- _DIRECTIONS_
Without including pictures, set down every record exactly as it stands.

[Data entries]
####
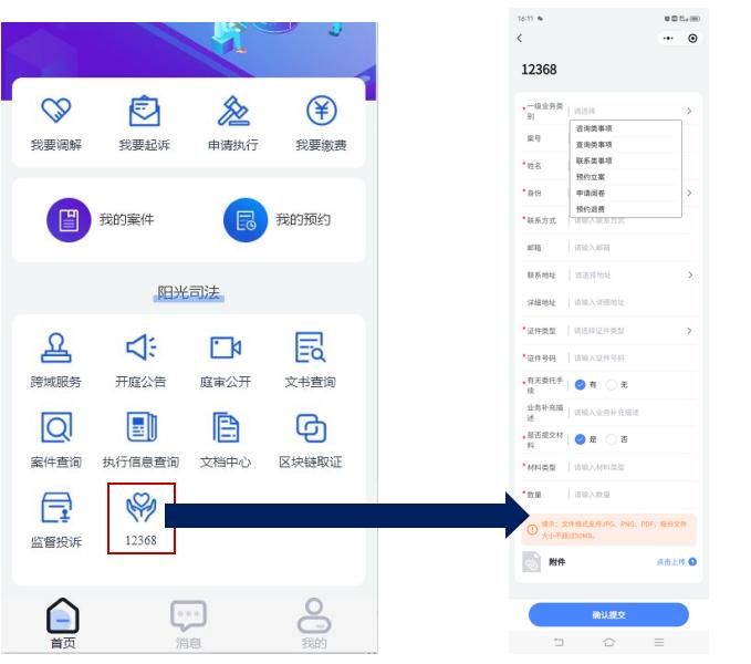 小程序为当事人、代理人提供了文书领取、开启生效证明、预约退费、申请电子阅卷、提交电子材料、预约立案等“跨域”诉讼服务功能,当事人、代理人填写工单后,中院跨域诉讼中心将进行审核收件,在完成具体工作后,通过电话、小程序、短信告知申请人办理结果。二、12368网上诉讼服务
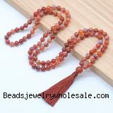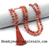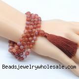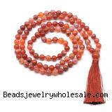 Details: Hand-knotted agate mala necklaces: 27/54/108 8mm/10mm round fire agate beads & 12mm fire agate guru bead with satin tassel
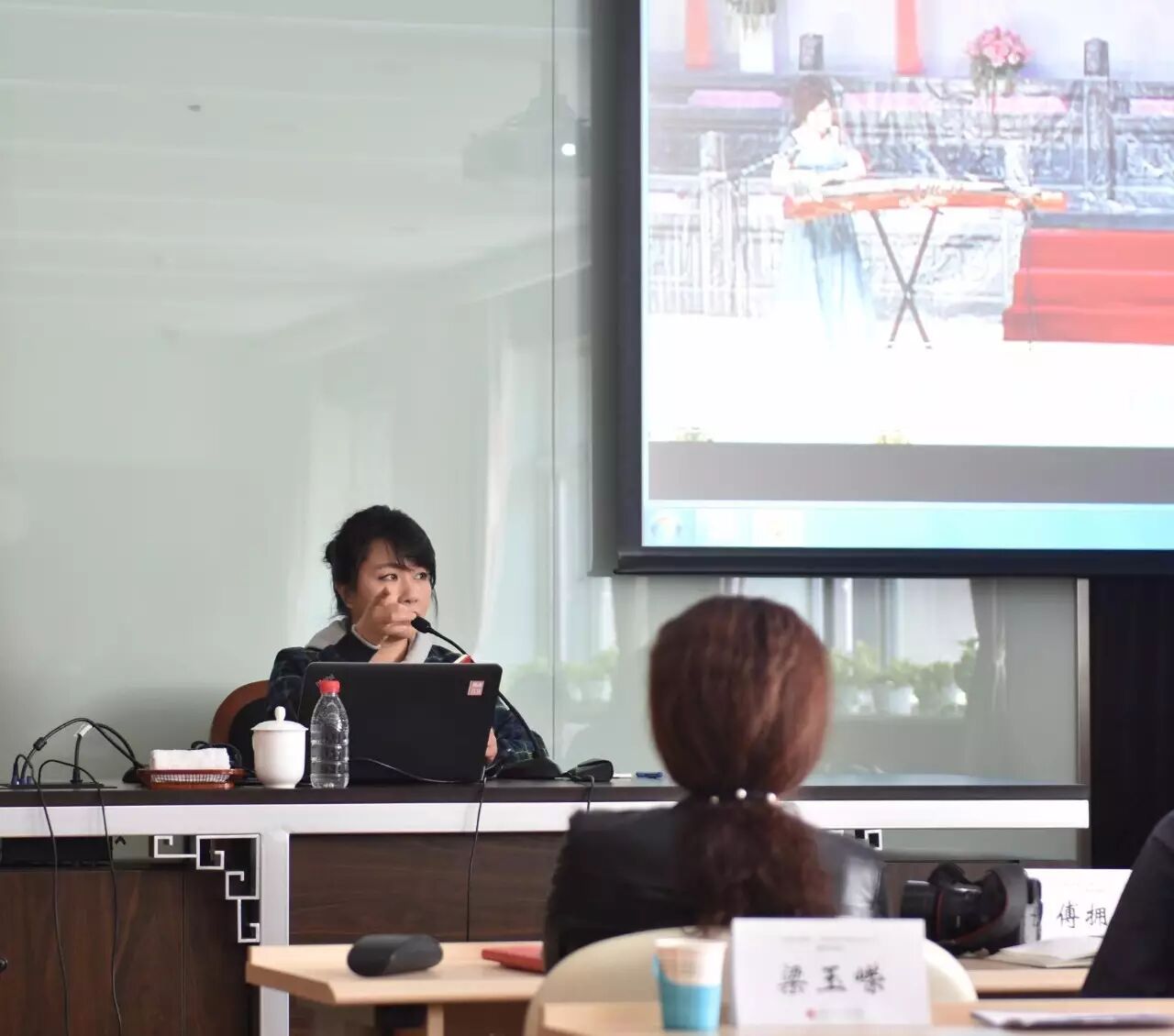 古筝是历史悠久的优秀传统文化之一。来自江苏的任洁,是南京艺术学院的副教授,古筝代表作品有《西域随想》、《箜篌引》、《山的遐想》、《望秦川》,2005年作品先后获得文华艺术院校奖金奖、中国音乐金钟奖金奖。2006年获朝鲜国际艺术节国院艺术奖器乐独奏家金奖。她是目前国内音乐界首位同时问鼎中国音乐金钟奖及政府文化奖的青年古筝表演艺术家。她以《筝叙漫谈》为题向大家介绍了古筝的起源与发展,并现场播放了自己演奏的作品,气韵绵长、清新婉约的风格带来听觉的享受。
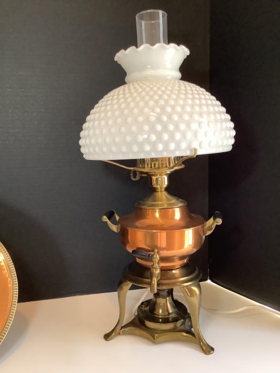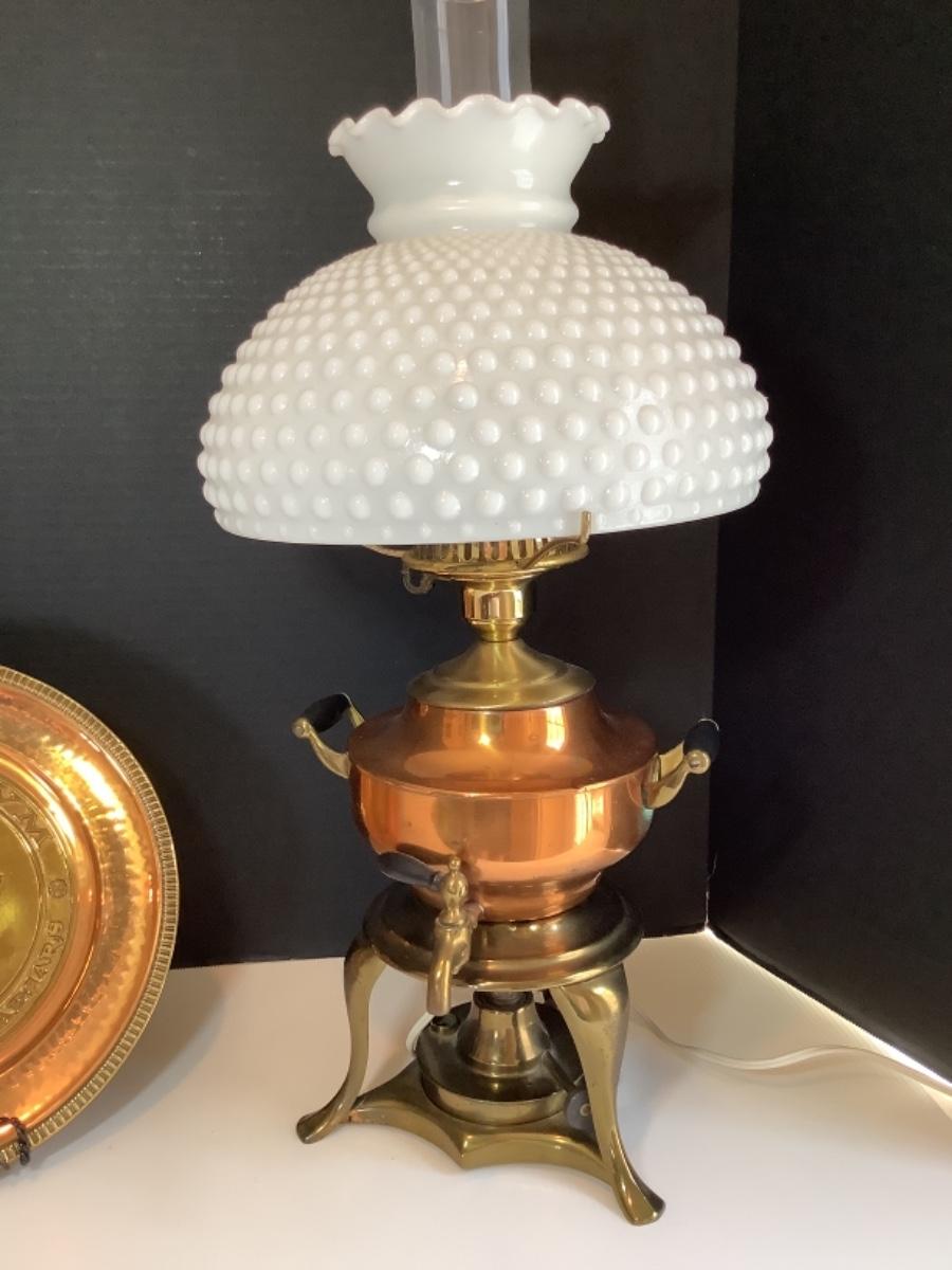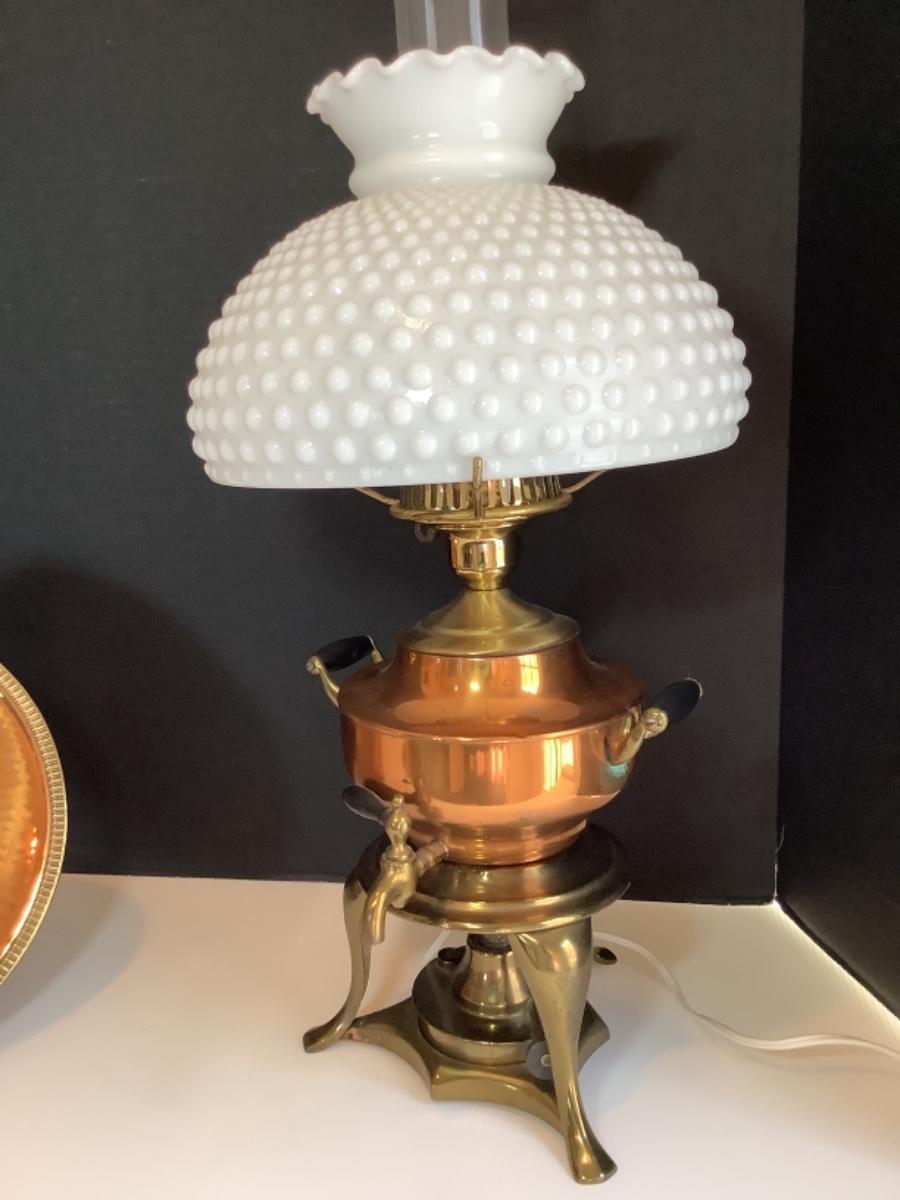 Copper / Brass Samovour Lamp with Milkglass Shade - 22” High
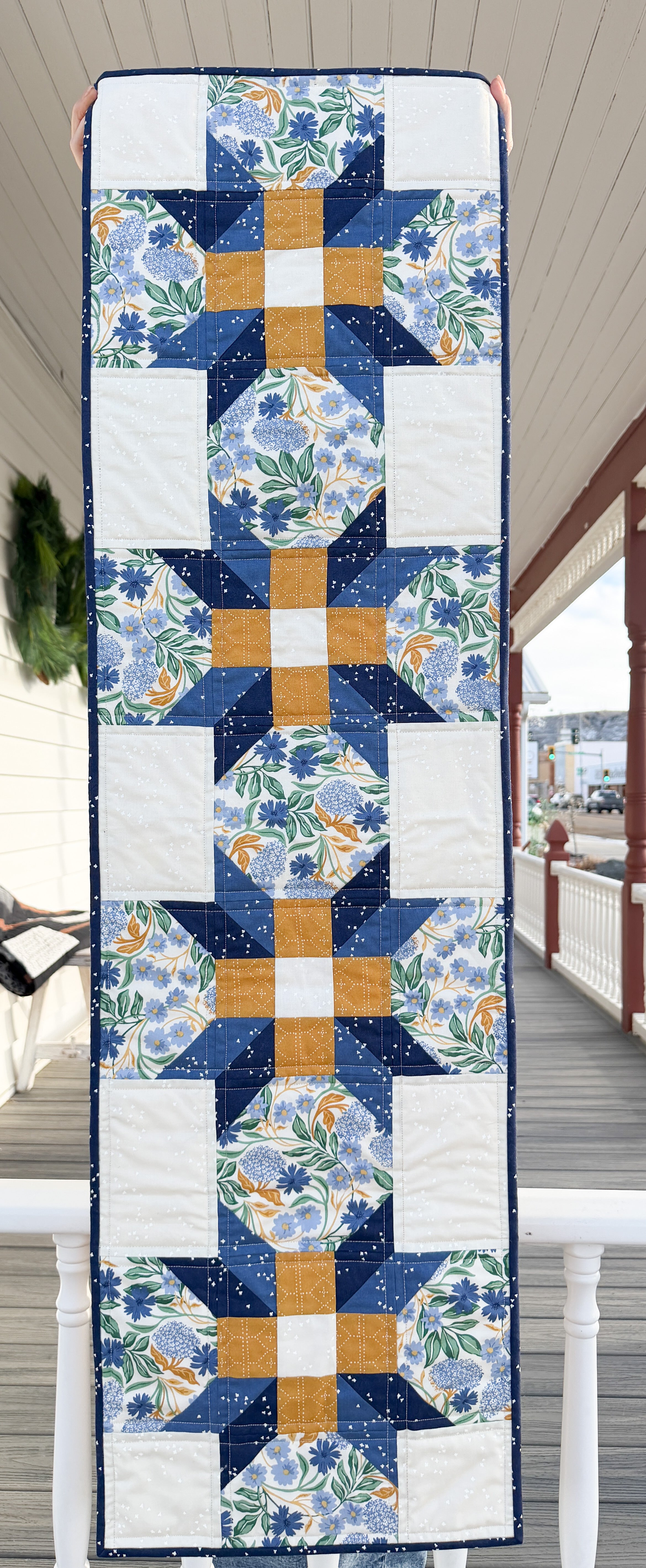 Add timeless charm to your table with this beautiful table runner. Featuring a bold geometric design in navy, ivory and warm golden tones, this piece is accented with soft floral prints from the Brookside collection designed by 1 Canoe 2 from Moda
####
- _TASK ANSWER_
 小程序为当事人、代理人提供了文书领取、开启生效证明、预约退费、申请电子阅卷、提交电子材料、预约立案等“跨域”诉讼服务功能,当事人、代理人填写工单后,中院跨域诉讼中心将进行审核收件,在完成具体工作后,通过电话、小程序、短信告知申请人办理结果。二、12368网上诉讼服务
 Details: Hand-knotted agate mala necklaces: 27/54/108 8mm/10mm round fire agate beads & 12mm fire agate guru bead with satin tassel
 古筝是历史悠久的优秀传统文化之一。来自江苏的任洁,是南京艺术学院的副教授,古筝代表作品有《西域随想》、《箜篌引》、《山的遐想》、《望秦川》,2005年作品先后获得文华艺术院校奖金奖、中国音乐金钟奖金奖。2006年获朝鲜国际艺术节国院艺术奖器乐独奏家金奖。她是目前国内音乐界首位同时问鼎中国音乐金钟奖及政府文化奖的青年古筝表演艺术家。她以《筝叙漫谈》为题向大家介绍了古筝的起源与发展,并现场播放了自己演奏的作品,气韵绵长、清新婉约的风格带来听觉的享受。
 Copper / Brass Samovour Lamp with Milkglass Shade - 22” High
 Add timeless charm to your table with this beautiful table runner. Featuring a bold geometric design in navy, ivory and warm golden tones, this piece is accented with soft floral prints from the Brookside collection designed by 1 Canoe 2 from Moda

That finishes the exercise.